Each record is to be given again precisely as written.

(Stored records)
_ _ _

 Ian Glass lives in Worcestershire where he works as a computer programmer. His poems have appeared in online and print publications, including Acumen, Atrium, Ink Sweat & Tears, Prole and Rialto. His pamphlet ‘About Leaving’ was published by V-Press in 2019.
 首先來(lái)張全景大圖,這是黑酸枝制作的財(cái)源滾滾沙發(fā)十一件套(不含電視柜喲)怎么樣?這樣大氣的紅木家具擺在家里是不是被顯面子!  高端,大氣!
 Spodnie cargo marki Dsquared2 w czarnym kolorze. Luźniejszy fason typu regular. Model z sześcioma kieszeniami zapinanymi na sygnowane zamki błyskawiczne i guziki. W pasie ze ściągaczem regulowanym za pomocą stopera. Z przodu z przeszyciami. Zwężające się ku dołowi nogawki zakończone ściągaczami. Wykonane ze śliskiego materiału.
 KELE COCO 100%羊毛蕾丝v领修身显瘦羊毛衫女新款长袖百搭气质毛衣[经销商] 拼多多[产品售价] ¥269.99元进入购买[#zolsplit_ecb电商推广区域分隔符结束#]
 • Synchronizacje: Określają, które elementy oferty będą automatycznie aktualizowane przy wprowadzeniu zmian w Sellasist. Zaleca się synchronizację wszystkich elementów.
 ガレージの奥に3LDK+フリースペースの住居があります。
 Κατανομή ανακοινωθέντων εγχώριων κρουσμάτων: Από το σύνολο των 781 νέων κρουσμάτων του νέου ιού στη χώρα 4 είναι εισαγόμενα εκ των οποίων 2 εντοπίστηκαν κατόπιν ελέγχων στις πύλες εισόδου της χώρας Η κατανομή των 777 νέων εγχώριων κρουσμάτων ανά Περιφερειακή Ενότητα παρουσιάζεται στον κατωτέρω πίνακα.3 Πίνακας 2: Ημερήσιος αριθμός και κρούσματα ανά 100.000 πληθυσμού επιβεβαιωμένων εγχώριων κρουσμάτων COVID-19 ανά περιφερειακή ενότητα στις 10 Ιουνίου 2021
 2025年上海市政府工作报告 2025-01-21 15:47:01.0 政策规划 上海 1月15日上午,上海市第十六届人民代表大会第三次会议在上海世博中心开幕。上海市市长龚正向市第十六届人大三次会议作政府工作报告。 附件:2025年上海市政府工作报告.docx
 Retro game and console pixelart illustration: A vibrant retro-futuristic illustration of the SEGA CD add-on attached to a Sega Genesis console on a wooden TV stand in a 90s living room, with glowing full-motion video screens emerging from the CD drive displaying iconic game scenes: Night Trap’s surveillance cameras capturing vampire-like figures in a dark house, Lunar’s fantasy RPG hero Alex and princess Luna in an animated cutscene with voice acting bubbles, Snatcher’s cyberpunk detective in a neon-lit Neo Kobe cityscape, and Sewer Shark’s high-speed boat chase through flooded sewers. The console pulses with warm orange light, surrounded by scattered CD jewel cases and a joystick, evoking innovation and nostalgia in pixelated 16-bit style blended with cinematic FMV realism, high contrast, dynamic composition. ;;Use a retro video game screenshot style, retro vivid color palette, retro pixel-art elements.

_ _ _

Answer box -
 Ian Glass lives in Worcestershire where he works as a computer programmer. His poems have appeared in online and print publications, including Acumen, Atrium, Ink Sweat & Tears, Prole and Rialto. His pamphlet ‘About Leaving’ was published by V-Press in 2019.
 首先來(lái)張全景大圖,這是黑酸枝制作的財(cái)源滾滾沙發(fā)十一件套(不含電視柜喲)怎么樣?這樣大氣的紅木家具擺在家里是不是被顯面子!  高端,大氣!
 Spodnie cargo marki Dsquared2 w czarnym kolorze. Luźniejszy fason typu regular. Model z sześcioma kieszeniami zapinanymi na sygnowane zamki błyskawiczne i guziki. W pasie ze ściągaczem regulowanym za pomocą stopera. Z przodu z przeszyciami. Zwężające się ku dołowi nogawki zakończone ściągaczami. Wykonane ze śliskiego materiału.
 KELE COCO 100%羊毛蕾丝v领修身显瘦羊毛衫女新款长袖百搭气质毛衣[经销商] 拼多多[产品售价] ¥269.99元进入购买[#zolsplit_ecb电商推广区域分隔符结束#]
 • Synchronizacje: Określają, które elementy oferty będą automatycznie aktualizowane przy wprowadzeniu zmian w Sellasist. Zaleca się synchronizację wszystkich elementów.
 ガレージの奥に3LDK+フリースペースの住居があります。
 Κατανομή ανακοινωθέντων εγχώριων κρουσμάτων: Από το σύνολο των 781 νέων κρουσμάτων του νέου ιού στη χώρα 4 είναι εισαγόμενα εκ των οποίων 2 εντοπίστηκαν κατόπιν ελέγχων στις πύλες εισόδου της χώρας Η κατανομή των 777 νέων εγχώριων κρουσμάτων ανά Περιφερειακή Ενότητα παρουσιάζεται στον κατωτέρω πίνακα.3 Πίνακας 2: Ημερήσιος αριθμός και κρούσματα ανά 100.000 πληθυσμού επιβεβαιωμένων εγχώριων κρουσμάτων COVID-19 ανά περιφερειακή ενότητα στις 10 Ιουνίου 2021
 2025年上海市政府工作报告 2025-01-21 15:47:01.0 政策规划 上海 1月15日上午,上海市第十六届人民代表大会第三次会议在上海世博中心开幕。上海市市长龚正向市第十六届人大三次会议作政府工作报告。 附件:2025年上海市政府工作报告.docx
 Retro game and console pixelart illustration: A vibrant retro-futuristic illustration of the SEGA CD add-on attached to a Sega Genesis console on a wooden TV stand in a 90s living room, with glowing full-motion video screens emerging from the CD drive displaying iconic game scenes: Night Trap’s surveillance cameras capturing vampire-like figures in a dark house, Lunar’s fantasy RPG hero Alex and princess Luna in an animated cutscene with voice acting bubbles, Snatcher’s cyberpunk detective in a neon-lit Neo Kobe cityscape, and Sewer Shark’s high-speed boat chase through flooded sewers. The console pulses with warm orange light, surrounded by scattered CD jewel cases and a joystick, evoking innovation and nostalgia in pixelated 16-bit style blended with cinematic FMV realism, high contrast, dynamic composition. ;;Use a retro video game screenshot style, retro vivid color palette, retro pixel-art elements.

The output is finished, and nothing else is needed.